Woman miscarries, blames water

By
Record-Eagle staff writer


      MANISTEE - Cynthia McLintock lost the little girl she was carrying in July 1998, nearly six months into her pregnancy.
      At first she believed the miscarriage was just a personal tragedy. But little things throughout the pregnancy - including weariness she'd never experienced while carrying her other three children - nagged at her.
      "Nobody could give me a reason why my water broke," said the Traverse City woman, formerly a longtime Manistee resident. "All I could do was hold her until she passed away."
      A year later, as the McLintocks tried to sell their house on West Fox Farm Road in Manistee County's Filer Township, a potential buyer tested the McLintocks' groundwater and discovered it was contaminated with nitrates.
      That discovery prompted the McLintocks to file a lawsuit that charged industrial sludge from a nearby Packaging Corp. of America paper mill - used as fertilizer on a tree farm across the street from their home - caused the death of their daughter, whom they had named Haley.
      McLintock said a May 2002 lawsuit settlement prevents her from discussing the case, but said she has felt pressured by PCA not to talk about the contamination, even in general terms.

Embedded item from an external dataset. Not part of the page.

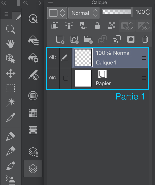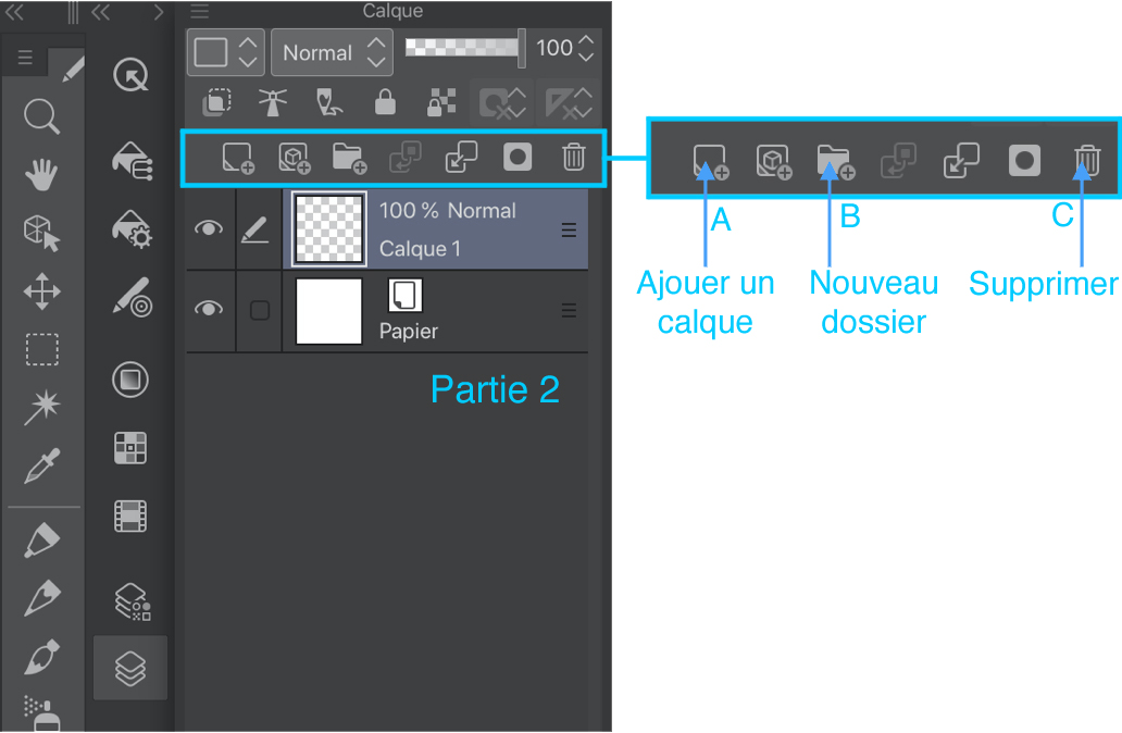 La gestion de base des calques se fait avec la partie n°2 (options ajouter, dossier, supprimer etc.). Pour le moment, les seules options qui nous intéressent sont celles qui vont nous permettre de créer un nouveau calque, créer un dossier de plusieurs calques et enfin supprimer un calque.

      She wrote letters to newspapers, including the Record-Eagle, and corresponded with Gov. Jennifer Granholm, Attorney General Mike Cox and DEQ Director Steven Chester about the contamination case.
      "Their lawyer through my lawyer told me 'You better not be on some type of crusade,'" McLintock said. "That comment made my day."

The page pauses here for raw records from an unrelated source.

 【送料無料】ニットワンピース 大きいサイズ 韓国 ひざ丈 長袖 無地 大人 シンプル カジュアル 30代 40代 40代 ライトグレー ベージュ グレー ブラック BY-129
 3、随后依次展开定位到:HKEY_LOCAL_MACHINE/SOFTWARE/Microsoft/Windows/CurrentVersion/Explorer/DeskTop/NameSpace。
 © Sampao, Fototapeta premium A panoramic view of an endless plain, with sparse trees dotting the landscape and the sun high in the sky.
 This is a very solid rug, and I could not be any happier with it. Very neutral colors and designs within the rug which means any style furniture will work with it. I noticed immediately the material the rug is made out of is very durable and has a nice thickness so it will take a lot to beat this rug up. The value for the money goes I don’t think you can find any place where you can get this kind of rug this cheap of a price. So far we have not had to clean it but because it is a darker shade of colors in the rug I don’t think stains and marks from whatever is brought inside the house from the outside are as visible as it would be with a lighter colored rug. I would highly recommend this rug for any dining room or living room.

      McLintock said she's speaking publicly about her loss to spread the word about contaminated water in her hometown.
      "What I would like to see happen is (PCA) take responsibility for all the damage they've caused," she said.
      John Olsen, of PCA corporate headquarters in Lake Forest, Ill., said the company would not comment on the lawsuit or settlement.
      McLintock said she unwittingly drank more than a gallon of nitrate-laden water every day during her pregnancy. Tests showed nitrate levels in the McLintocks' well were almost three times the standard for groundwater contamination as defined by the Environmental Protection Agency.
      "What I found out upset me to no end. When you find out what nitrates can do to infants, it's not good," McLintock said.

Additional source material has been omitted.